## [How to complete this task]
Give the lines again exactly as they appear, from the first line of the listing through the line containing "龍湖因伏羲氏定都宛丘,以龍紀", and omit every picture.

## [Source material]

* * * * * * *

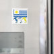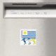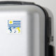 Three soccer players play in front of the Uruguayan flag. Country name Uruguay is on the side
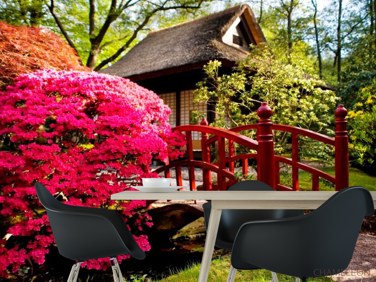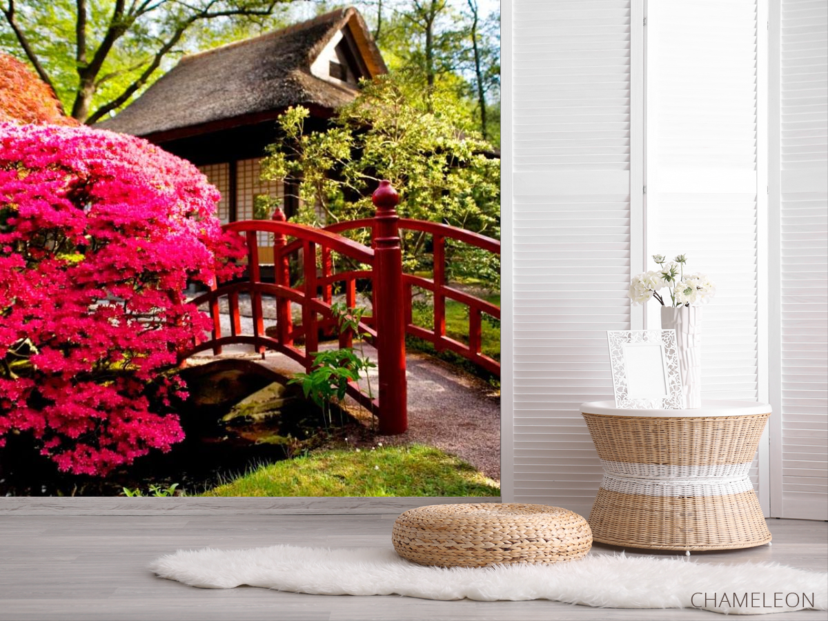 Фотошпалери Будинок, квіти, міст 1435
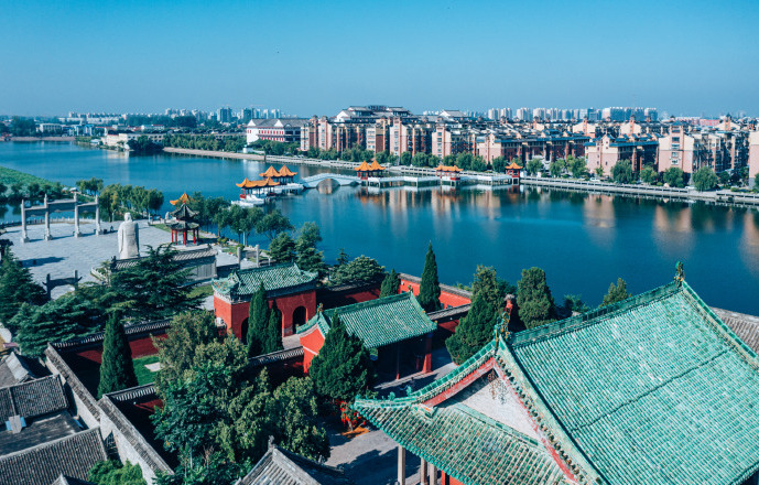 龍湖因伏羲氏定都宛丘,以龍紀官,號曰龍師而得名,水域面積近萬畝,是國家濕地公園、國家水利風(fēng)景區(qū),也是中國面積最大的內(nèi)陸環(huán)城湖,被譽為“中原明珠”、“內(nèi)陸奇觀”。
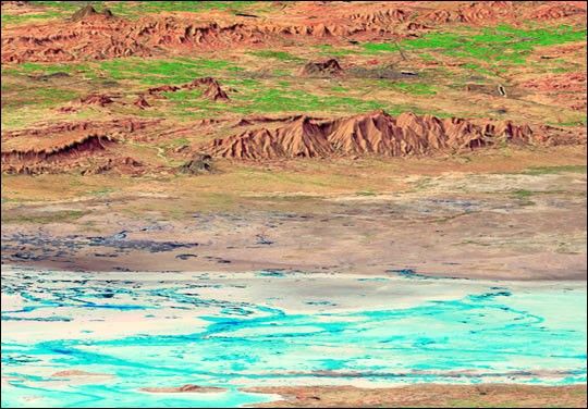 That part of the Kachchh region which lies north of the Kachchh MainlandFault includes the Banni Plains and the Rann of Kachchh. It is a low,flat basin characterized by salt pans and mud flats. The salt forms inthe Rann of Kachchh as mineral-laden waters evaporate. The salt flatscan be seen in the nadir images as highly reflective, white and grayareas. During the earthquake, strong shaking produced liquefaction inthe fine silts and sands below the water table in the Rann of Kachchh.This caused the mineral grains to settle and expel their interstitialwater to the surface. Field investigations have found abundant evidenceof mud volcanos, sand boils, and fissures from which salty ground watererupted over an area exceeding 10,000 square kilometers. Evidence of theexpelled water can also be seen on the MISR images.

* * * * * * *

## [Task result]
 Three soccer players play in front of the Uruguayan flag. Country name Uruguay is on the side
 Фотошпалери Будинок, квіти, міст 1435
 龍湖因伏羲氏定都宛丘,以龍紀官,號曰龍師而得名,水域面積近萬畝,是國家濕地公園、國家水利風(fēng)景區(qū),也是中國面積最大的內(nèi)陸環(huán)城湖,被譽為“中原明珠”、“內(nèi)陸奇觀”。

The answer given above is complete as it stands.